Before the trial, Steamfitters sought dismissal of the lawsuit, arguing in vain that it could not be held liable for damage because its property contained no dangerous or illegal condition and any liability would belong to the unknown person who discarded the cigarette.

The Court of Special Appeals, by the slimmest of majorities, said the circuit court judge validly permitted the case to proceed.

“(U)nder Maryland law, a property owner owes a common law duty to the owners and occupants of a neighboring property to use reasonable care when conducting activities on its property so as to avoid harm to the neighboring property,” Eyler wrote.

“Based on the evidence presented at trial, a reasonable jury could conclude that Steamfitters knew or should have known that someone or some group of people on its property was regularly discarding lit cigarettes in the mulch bed that it placed against the fence adjacent to Gordon’s property,” Eyler added. “Despite its knowledge, Steamfitters took no action to prevent the foreseeable risk that a fire might start and spread to adjoining properties.”

But Friedman, in dissent, said the trial judge should have granted Steamfitters’ pretrial motion for summary judgment.

“(T)here is not allegation that the landowner was the person who smoked the cigarettes and discarded the cigarette butts,” Friedman wrote.
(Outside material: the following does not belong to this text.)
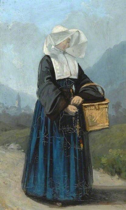 Sister saying rosary, walking
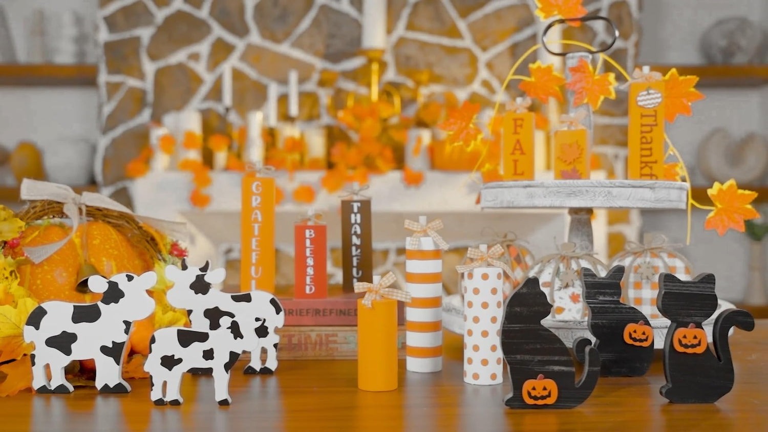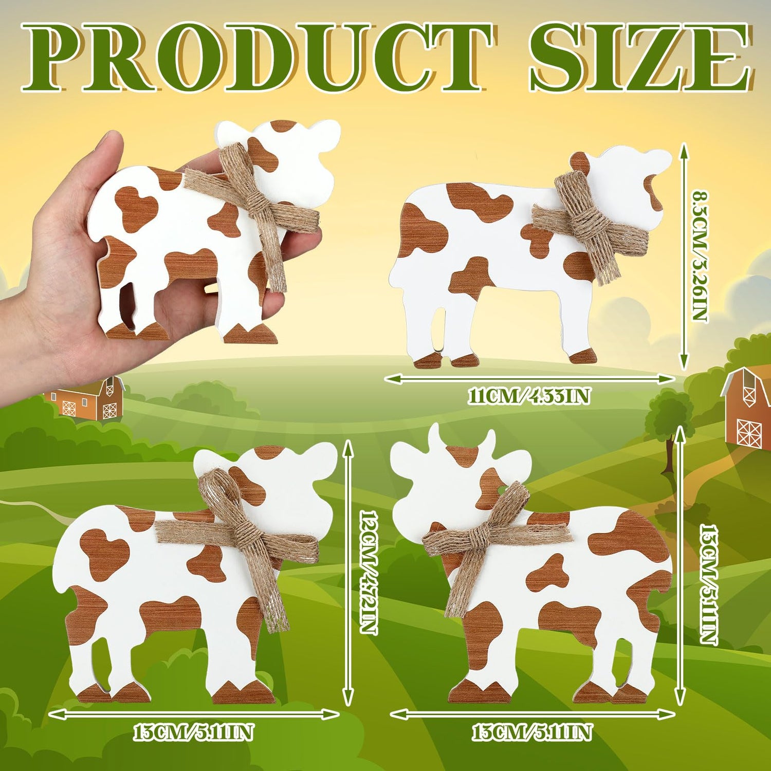 Redbaker 3 Pieces Farmhouse Tiered Tray Decor Cow Tabletop Decor Rustic Wooden Block Cow Centerpieces Decorations Wooden Tray Decor for Home Kitchen Shelf Decor

“Thus, the majority’s opinion extends tort liability to landowners for the actions of third parties over whom they have little control and with whom they have no demonstrated special relationship,” Friedman added. “(I)n the future, landowners will seek to avoid tort liability by putting out more ashtrays and by cleaning cigarette butts out of their mulch more frequently. I hope they do, but only because it will make things cleaner. I have no belief that doing so will avoid fires.”

Neither Steamfitters’ attorney, James S. Liskow, nor Lawrence F. Walker, lawyer for the neighbors and their insurers, returned telephone and email messages seeking comment Friday afternoon on the decision.

Liskow is with DeCaro, Doran, Siciliano, Gallagher & DeBlasis LLP in Bowie; Walker is with Cozen O’Connor in Philadelphia.

The Court of Special Appeals rendered its decision in the consolidated cases Steamfitters Local Union No. 602 v. Erie Insurance Exchange et al. and Steamfitters Local Union No. 602 v. Cincinnati Insurance Co. et al., Nos. 1168 and 1142, September Term 2017.